Turkish President Recep Tayyip Erdogan has told German Chancellor Angela Merkel in a video call he hopes for a summit with European Union leaders in the first half of 2021 to ease tensions.
The two leaders also discussed issues that would improve cooperation between the two countries, according to a statement by Turkey's Communications Directorate on Monday.
In the video talk, stressing Turkey's determination to boost relations with the EU, Erdogan said Turkey wishes to intensify contacts and have technical talks with the bloc in the period ahead of an EU summit planned to be held in March.
Erdogan also reiterated his expectation on a Turkey-EU summit to be held before the Portugal's presidency of the EU Council ends.
President @RTErdogan held a video conference with Chancellor Angela Merkel of Germany.— Republic of Turkey Directorate of Communications (@Communications) February 8, 2021
Steps aimed at further enhancing the cooperation between Turkey and Germany were discussed, and Turkey-EU relations as well as regional issues were addressed. https://t.co/XflcwgcfFG pic.twitter.com/GnLnACrlNq
Call for a refugee deal update
Highlighting that the EU's fair and constructive approach to Turkey would benefit both sides, Erdogan reiterated his call for updating a refugee deal inked on March 18, 2016.
The 2016 agreement aimed to discourage irregular migration through the Aegean Sea by taking stricter measures against human traffickers and improve the conditions of nearly 4 million Syrian refugees in Turkey.
The deal also allowed for the acceleration of Turkey’s EU membership bid and visa-free travel for Turkish nationals within the Schengen area.
But the relations between the EU and Turkey strained over gas exploration rights in the eastern Mediterranean last year.
EU members Greece and the Greek Cypriot administration have increased their pressure on other EU members to impose sanctions on Turkey during the EU leaders' summit on December 11.
Brussels said last month that "credible gestures" from Erdogan are needed to patch things up.
Ahead of a new leaders' summit on March 25-26, Erdogan told Merkel on Monday that he hoped for "a positive agenda" in Turkey-EU relations.
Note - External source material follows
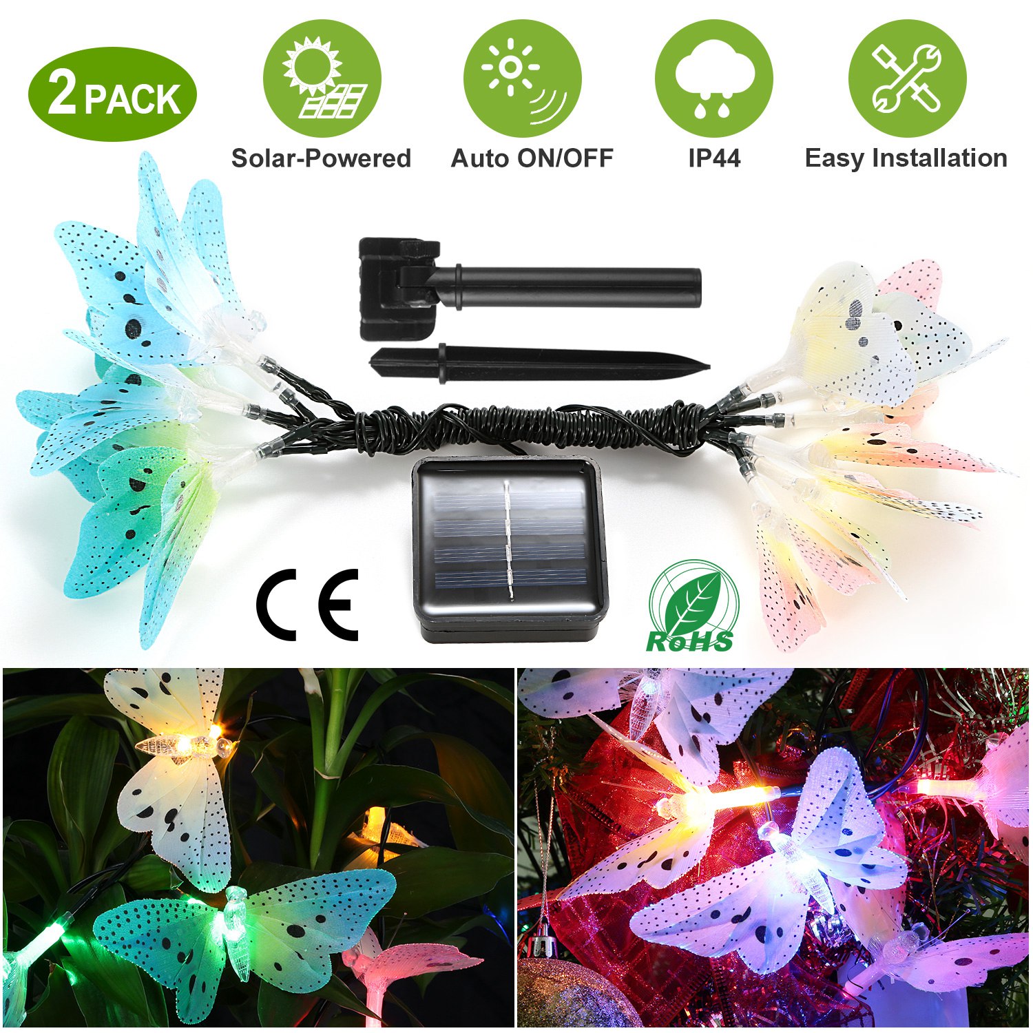 Home > 2 Pack Solar Powered String Lights 3.8m/12.48Ft 12 LEDs Butterfly Lights IP44 Waterproof Multi-Color Lights for Christmas Decorative Garden Fence Pati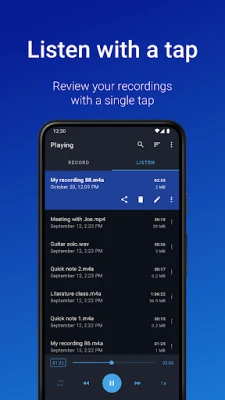 Easy Voice Recorder is your everyday companion to record important moments. Capture meetings, personal notes, classes, songs, and much more, without time limits!

In its own statement, Merkel's office said she had welcomed "recent positive signals and developments in the eastern Mediterranean."
Turkey, which has the longest continental coastline in the eastern Mediterranean, has rejected maritime boundary claims of Greece and the Greek Cypriot administration, and stressed that these excessive claims violate the sovereign rights of both Turkey and the Turkish Cypriots.
Ankara has sent several drill ships in the past months to explore for energy resources in the eastern Mediterranean, asserting its own rights in the region, as well as those of the Turkish Republic of Northern Cyprus.
Turkish leaders have repeatedly stressed that Ankara is in favour of resolving all outstanding problems in the region through international law, good neighbourly relations, dialogue, and negotiation.